Now, sometimes questions will give you a set of inequalities, rather than a set of equations. For example,

    \[\begin{cases} y \leq & 3x + 4 \\ y > & 2x - 3 \end{cases}\]

In these problems, we are not looking for specific solutions for x and y. This is because there are many solutions to the above equations. For example, (0,0) is a solution and so is (1, 6). Rather, we want to characterize, in a general way, what the complete set of solutions looks like.

The easiest way to do this is by graphing the above equations. If we graph them, we get:

Now, we want to determine where the inequalities hold. So suppose we’re interested in the first inequality, y \leq 3x + 4. Where will this be true?

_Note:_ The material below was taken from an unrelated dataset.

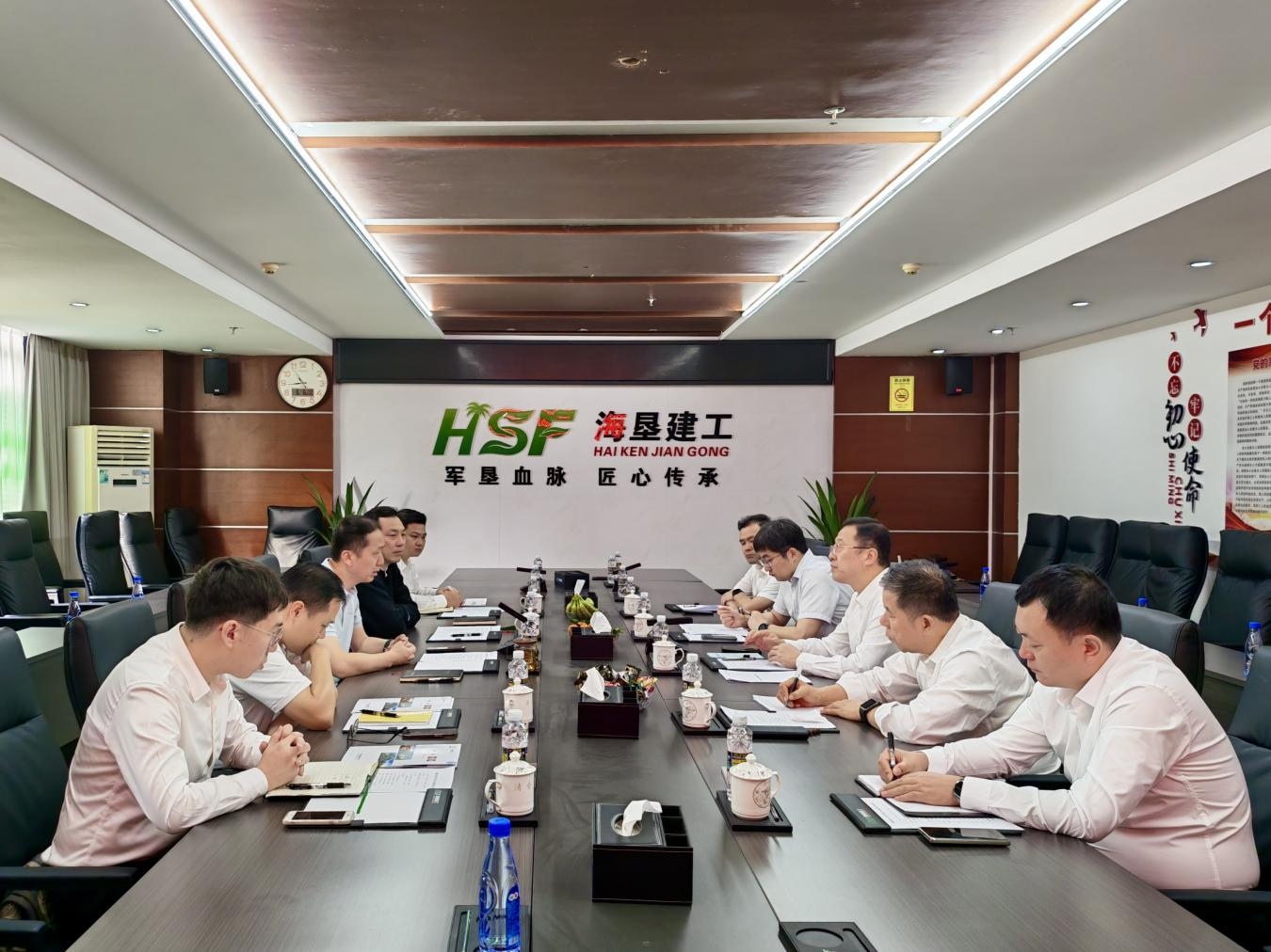 海南農(nóng)墾實(shí)業(yè)集團(tuán)有限公司副總經(jīng)理李榮濱,戰(zhàn)略企劃部負(fù)責(zé)人毛鳳鳴,成本合約部負(fù)責(zé)人陳景秋,設(shè)計(jì)研發(fā)部部長(zhǎng)石鑫;中國(guó)二冶李曦鵬、郝海飛等陪同會(huì)見。

It will be true below (and on) the line y = 3x + 4. We can mark this on our diagram by shading in that region:

And typically, we use a solid line to designate \leq, \geq.

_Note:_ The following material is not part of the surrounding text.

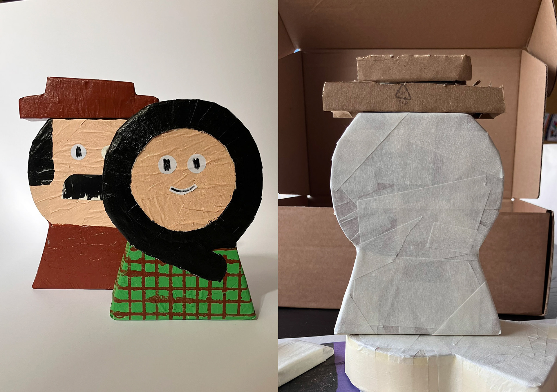 Papier-mâché and acrylic figures / Figuras em papel maché e acrílico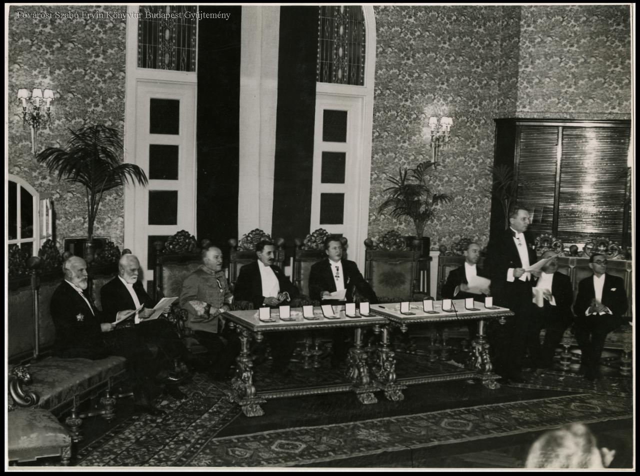Díszes mintázatú teremben 9 személy az elnöki asztalnál. Az asztalon kitüntetések. Balszélen Szablya János, jobbszélen Pacher (Péczely) Béla

Now, what about the second inequality, y > 2x - 3? Typically, we use a dotted line to designate <, >. So, we get:

And now we can go to our graph and we ask: where is y greater than 2x - 3? We have this line showing where y = 2x - 3 so y must be greater than 2x - 3 whenever we are above this line. (Alternatively, if you’re unsure which side of the line satisfies the inequality, pick a point on each side and test whether it satisfies the inequality).

Now, where will both of these inequalities be true? Well recall that the red shading indicates the first inequality is true and the blue shading indicates the second inequality is true. So the inequalities are both true at any point that is shaded both red and blue. So the solutions to these inequalities are just the points in this region that is shaded both blue and red. In other words:

Now sometimes your equations may not seem easy to graph. For example, you might get

    \[2x - \frac{y}{9} = 20\]

But with some algebra, we can always convert it into slope-intercept form:

    \[y = 18x - 180\]

and then we can graph it more easily. 

Finally, sometimes your inequalities will have no solution. For example:

    \[\begin{cases} y <& x \\ y > & x + 1 \end{cases}\]

has no solution, as can be verified by looking at the graph:

and noticing that there is no point that falls into both shaded regions. In this case, we just say that the system has no solution.

Finally, it is important to know how to handle equations like x \geq 3. To address these cases, we need to know how to graph a function like x = 3. To graph that function, we just draw a vertical line at any point with an x-coordinate of 3, as seen here:

And to tell which side of the line to shade in, we can just try a point on each side. (4, 0) satisfies x \geq 3 whereas (2, 0) does not. Thus, we shade in the side to the right, and we use a solid line because this is a weak inequality (i.e. includes the possibility x = 3).

Practice Problems

Graph the solutions to the following:


        \[\begin{cases} 2x - y <& 5 \\ 2y + x >& 5 \end{cases}\]


        \[\begin{cases} 3y - 2x \geq & 2 \\ 2x - y < & 100 \end{cases}\]


        \[\begin{cases} 2y + 2x \geq & 4 \\ x - y \geq & 1 \end{cases}\]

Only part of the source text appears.